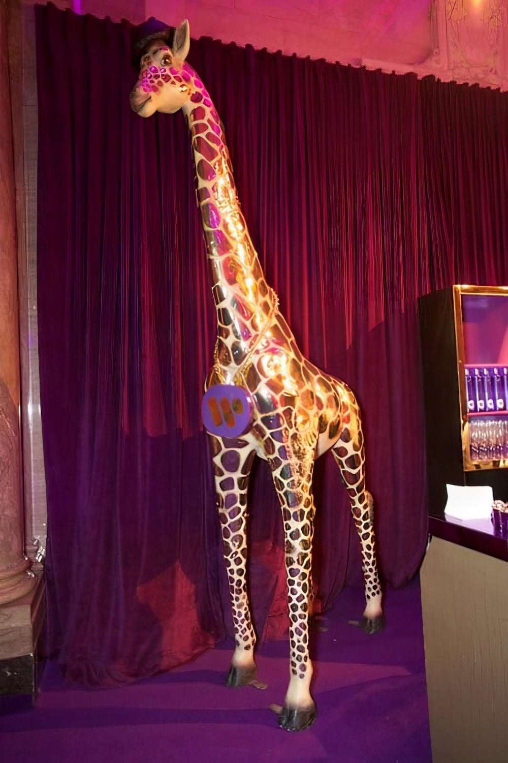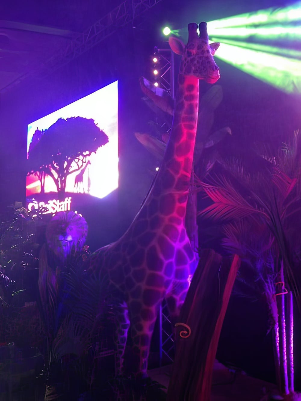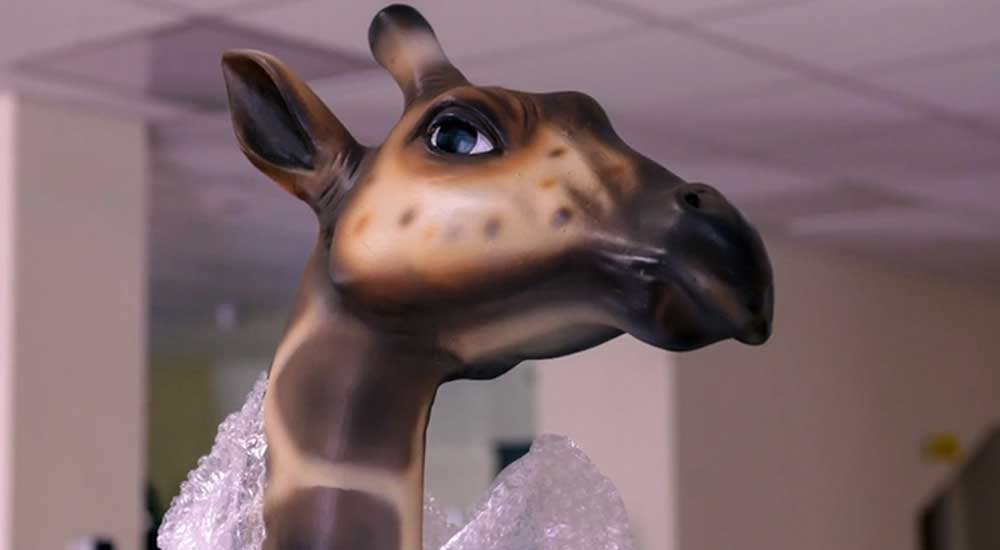 Life-size ย Giraffe prop to hire. This Stunning life-size ย adult Giraffe is freestanding and suitable for any zoo, circus or Africa themed party event. Please take a look at all our other available animal props to hire within our animal themed prop section. Please note: This prop requires at least two strong individuals to manoeuvre.
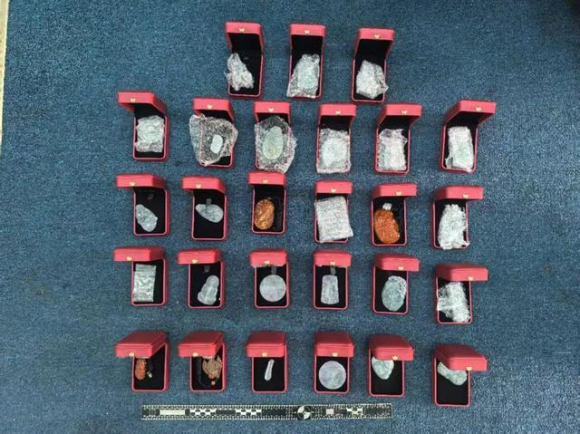 民警查获的部分涉案翡翠成品。
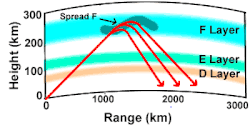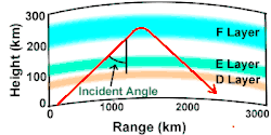 Vertikales Ausbreitungsverhalten zweier Funksignale unterschiedlicher Frequenz. Die niedrigere des rechten Signals wird in der E-Schicht reflektiert, die höhere des linken durchdringt die E-Schicht, bleibt aber niedriger als die kritische Frequenz der F-Schicht, weshalb sie in dieser Schicht reflektiert wird.
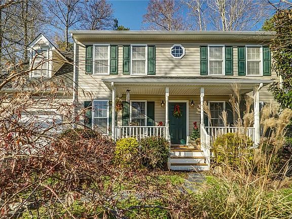 This charming two story with an inviting full front porch is ready for its next chapter! A paved driveway greets you providing parking and access to the attached garage. The entry foyer is equipped with a coat closet and provides a transition space to a home you will love! A spacious carpeted family room offers two ceiling fans and French door access to the screened porch. The eat-in kitchen boasts a vaulted ceiling over the dining area and access to the rear staircase. All kitchen appliances stay and this space also features skylights and a pantry! There's a formal dining room too that is carpeted and accented with chair railing and crown molding. Laundry room with cabinets. Upstairs, you'll find the master suite complete with a walk-in closet (with organizer) and a full master bath. Three other bedrooms and a full hall bath are on this level including one bedroom with a view to the dining area below that would also make a great office. The heat pumps have been replaced in recent years. The back yard is picket fenced and in the front yard you'll find, as ornaments, enormous rocks that were excavated from the lot during construction. Walking distance from Manchester High School.

——————————

INSTRUCTIONS TO FOLLOW
Output only the lines above from the one containing "民警查获的部分涉案翡翠成品。" to the one containing "Vertikales Ausbreitungsverhalten zweier", both included, exactly as written and with no pictures.

PROBLEM SOLUTION
 民警查获的部分涉案翡翠成品。
 Vertikales Ausbreitungsverhalten zweier Funksignale unterschiedlicher Frequenz. Die niedrigere des rechten Signals wird in der E-Schicht reflektiert, die höhere des linken durchdringt die E-Schicht, bleibt aber niedriger als die kritische Frequenz der F-Schicht, weshalb sie in dieser Schicht reflektiert wird.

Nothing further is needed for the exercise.